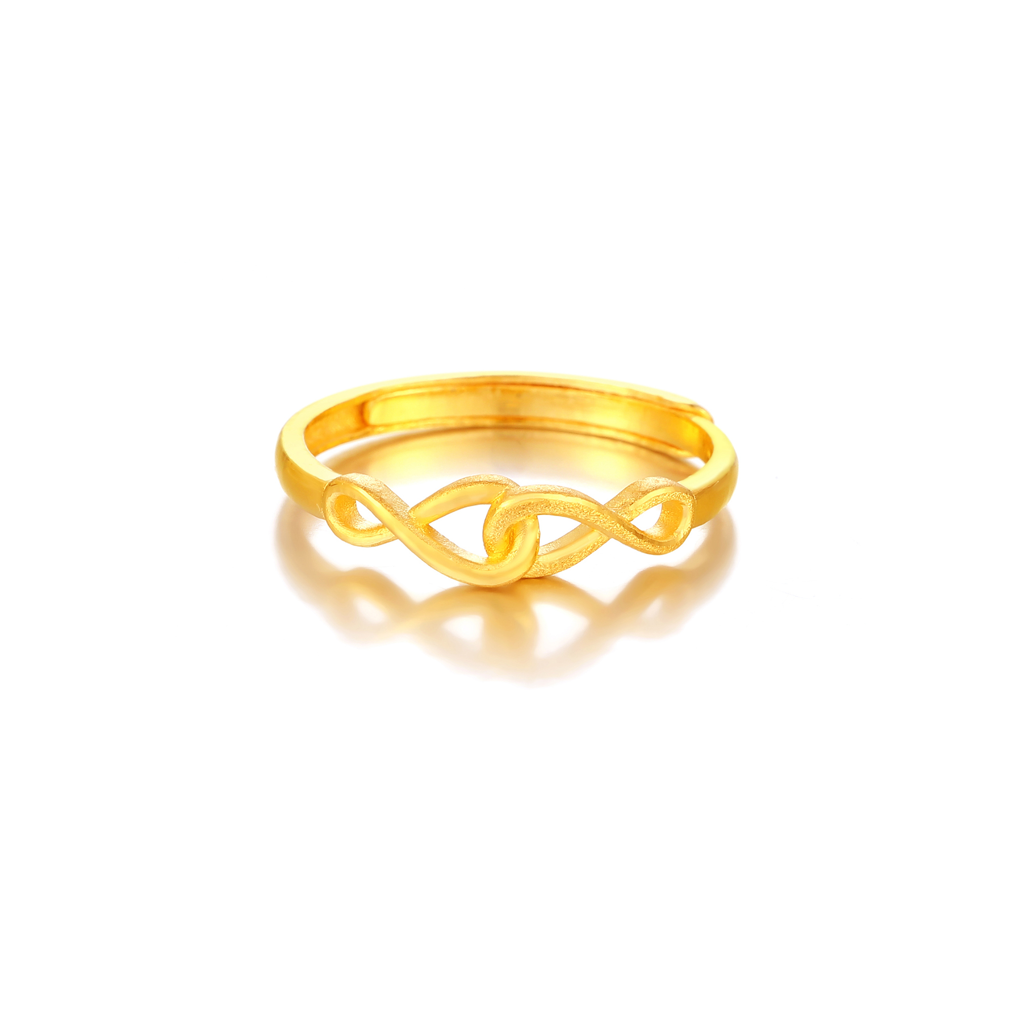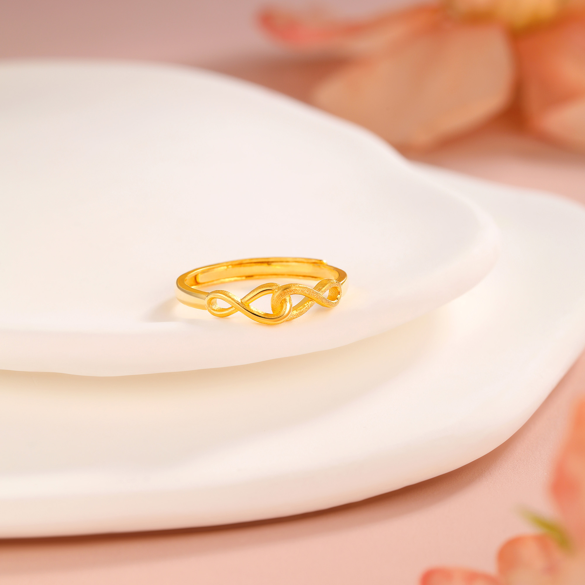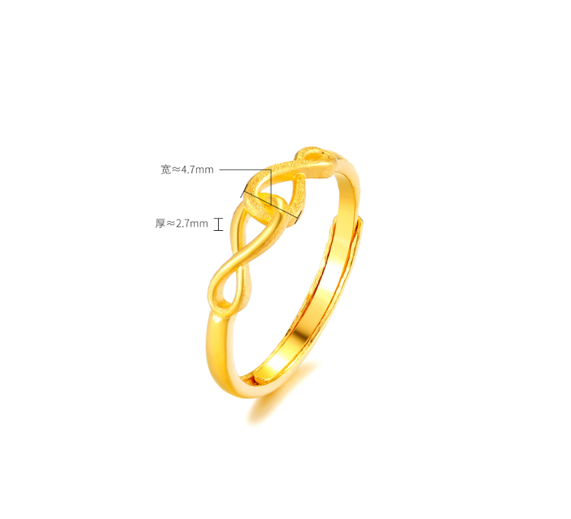 流畅线条勾勒出∞符号似时光缠绕的轨迹每一道曲线都泛着温润金芒藏着爱与美好永续的期许简约戒臂托住这份浪漫恰似生活里的小确幸以几何为语,将永恒期许融入日常让指尖永远住着温柔的地久天长
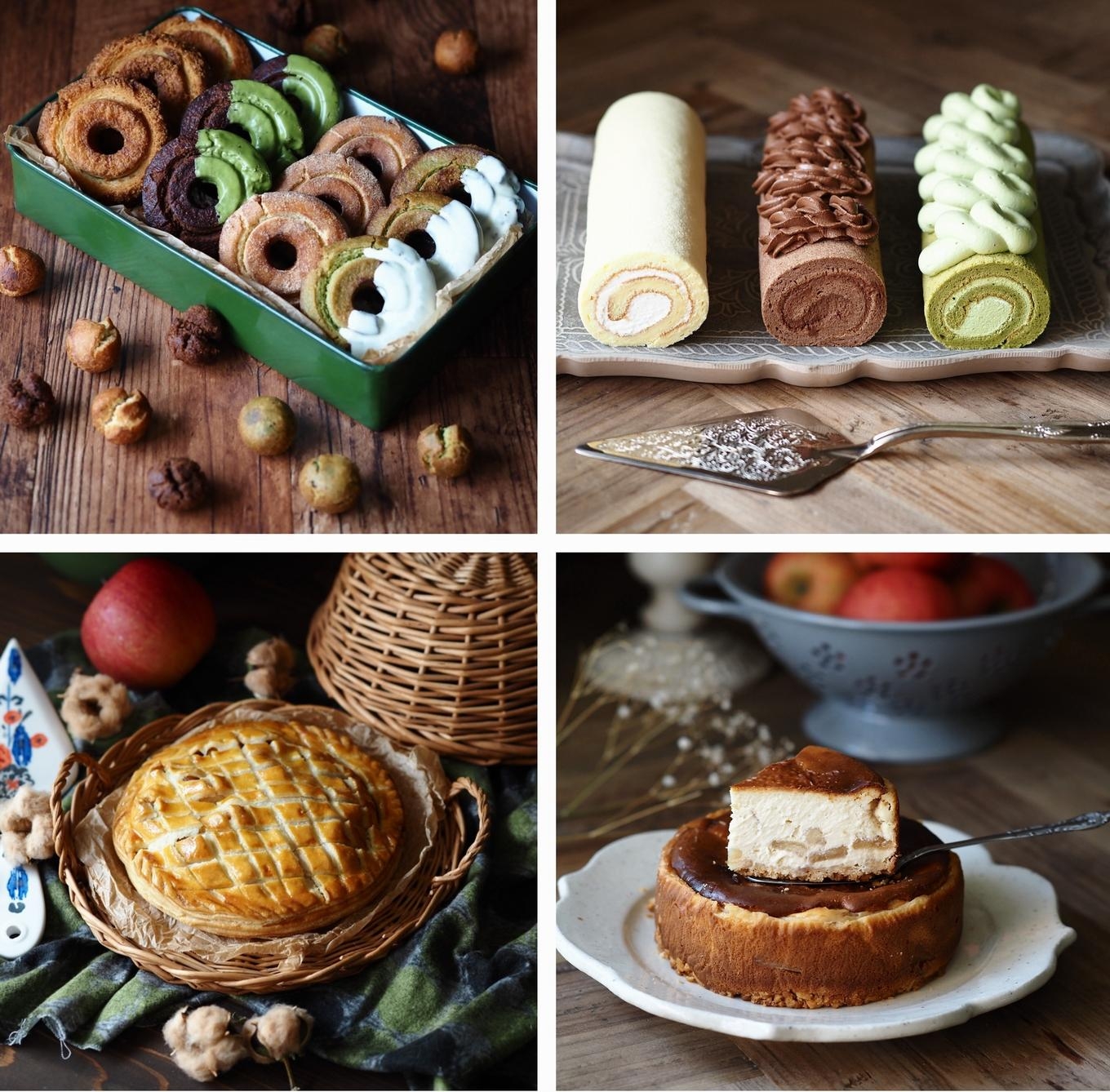 (左上から時計回りに)おなつさんの十八番レシピ「オールドファッションドーナツ」。フレーバーはもちろん、プレーン、チョコ、抹茶の3色展開。「ロールケーキ」もチョコと抹茶で3種類。トップにもクリームを絞って、ダブルリッチな仕上がりにしました。「シナモンアップルチーズケーキ」はベイクドチーズケーキ、黒糖ラムレーズンのチーズケーキの3種展開のひとつ。「アップルパイ」は編み込まずに格子模様をつけるだけで本格的な雰囲気に。
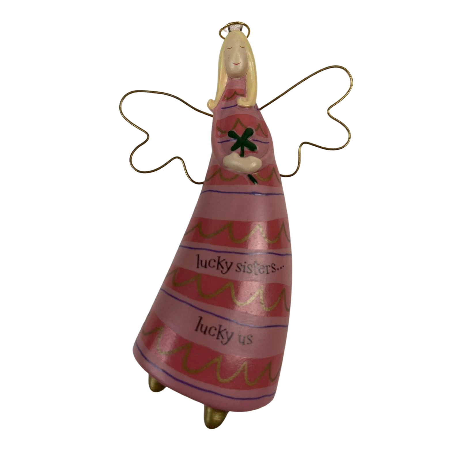 Celebrate the special bond of sisterhood with this charming Lucky Sisters ornament from Hallmark’s Between Us collection. Crafted in 2002, the porcelain angel (dressed in a soft pink gown) holds a four-leaf clover, accented by delicate gold wire wings. The heartfelt inscription—“lucky sisters... lucky us”—makes this piece a thoughtful keepsake that beautifully honors family and lasting connection. Designed by Kristina Kline, it arrives lovingly preserved in its original box—no power required; simply hang and cherish.
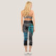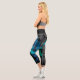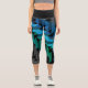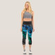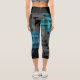 Personalised Sporty Stripes in Blue & Teal Black Capri Leggings
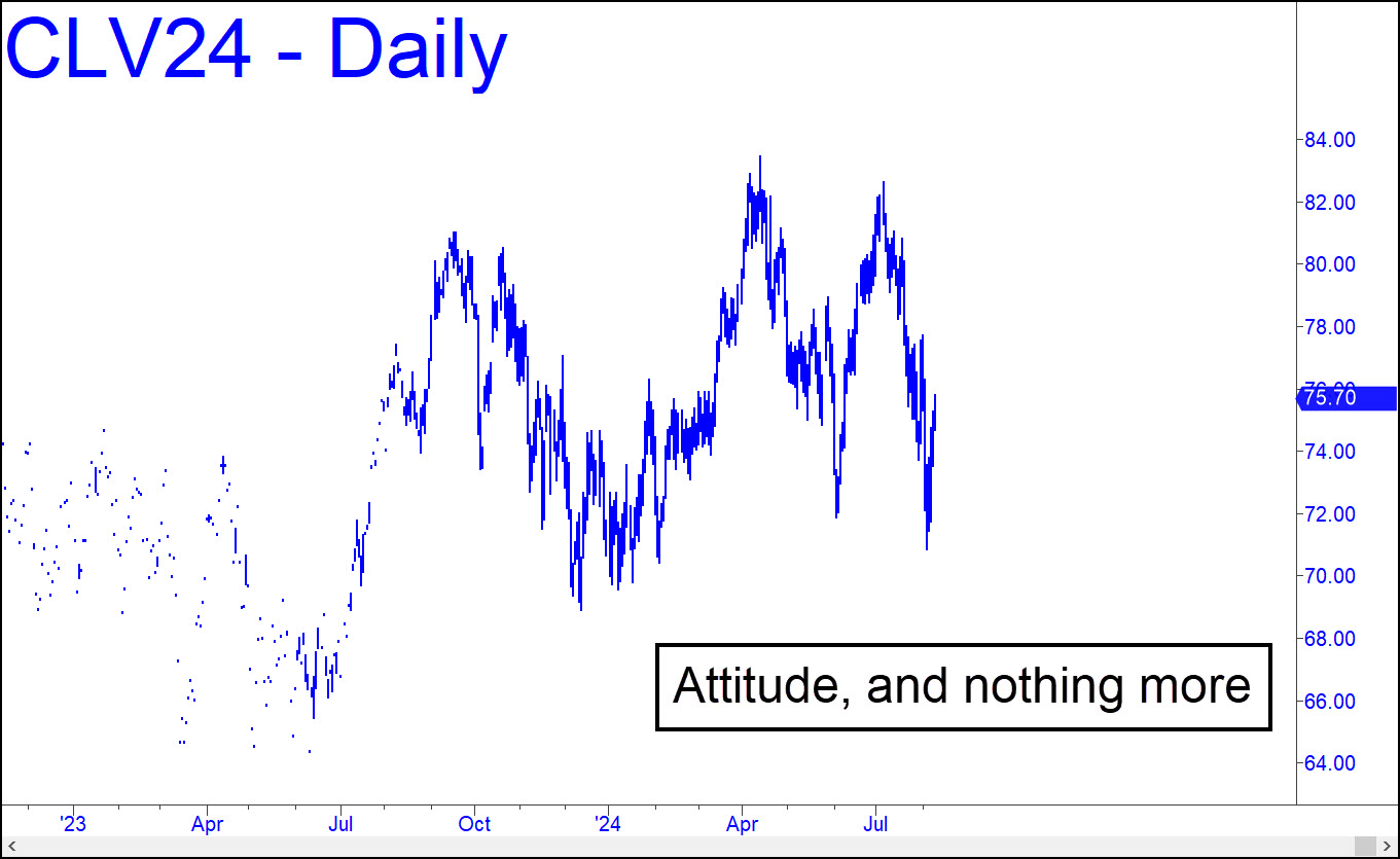 I keep crude on the front page only because it is the largest commodity market in the world. That said, the world’s largest commodity market has been doing little but jacking off for more than a year, demonstrating that the main purpose of global markets is…to jack off. What a joke! This would be an embarrassment to all humanity, but for the fact that nothing could embarrass a civilization in which a hit single with the title ‘Wet-Assed Pussy’ could briefly become the most listened-to pop ‘song’ in the world of so-called music. The woman responsible for it, Cardi B, probably regards the poobahs at Disney, the SEC and on Capitol Hill as peers — and not without good reason, since they are all American success stories of one sort or another. The foregoing aside, crude prices cannot be suppressed indefinitely in a geopolitical world that lives, from one day to the next, under a deep purple storm cloud. The traders who have been doing the jacking off in both directions must be close to spent by now, so don’t be surprised if the intrepid dirtballs who control this monster spring a nasty trap on scalpers who can’t wait to short yet another rinse-and-repeat peak in the low $80s.
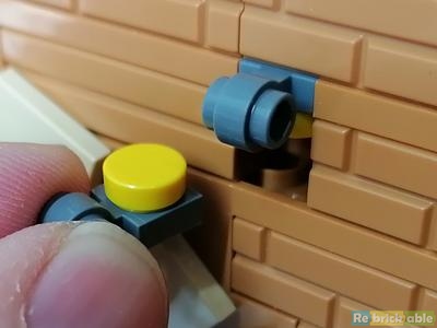 I've never seen this technique used: the transparent brick is placed inside the window using a plate with bar. On the viewing side, it looks like a light in a niche.

## Exercise directions
Only exact lines belong in the answer: those from the beginning of the entries above through the line holding "Personalised Sporty Stripes", with no pictures.

## Exercise output
 流畅线条勾勒出∞符号似时光缠绕的轨迹每一道曲线都泛着温润金芒藏着爱与美好永续的期许简约戒臂托住这份浪漫恰似生活里的小确幸以几何为语,将永恒期许融入日常让指尖永远住着温柔的地久天长
 (左上から時計回りに)おなつさんの十八番レシピ「オールドファッションドーナツ」。フレーバーはもちろん、プレーン、チョコ、抹茶の3色展開。「ロールケーキ」もチョコと抹茶で3種類。トップにもクリームを絞って、ダブルリッチな仕上がりにしました。「シナモンアップルチーズケーキ」はベイクドチーズケーキ、黒糖ラムレーズンのチーズケーキの3種展開のひとつ。「アップルパイ」は編み込まずに格子模様をつけるだけで本格的な雰囲気に。
 Celebrate the special bond of sisterhood with this charming Lucky Sisters ornament from Hallmark’s Between Us collection. Crafted in 2002, the porcelain angel (dressed in a soft pink gown) holds a four-leaf clover, accented by delicate gold wire wings. The heartfelt inscription—“lucky sisters... lucky us”—makes this piece a thoughtful keepsake that beautifully honors family and lasting connection. Designed by Kristina Kline, it arrives lovingly preserved in its original box—no power required; simply hang and cherish.
 Personalised Sporty Stripes in Blue & Teal Black Capri Leggings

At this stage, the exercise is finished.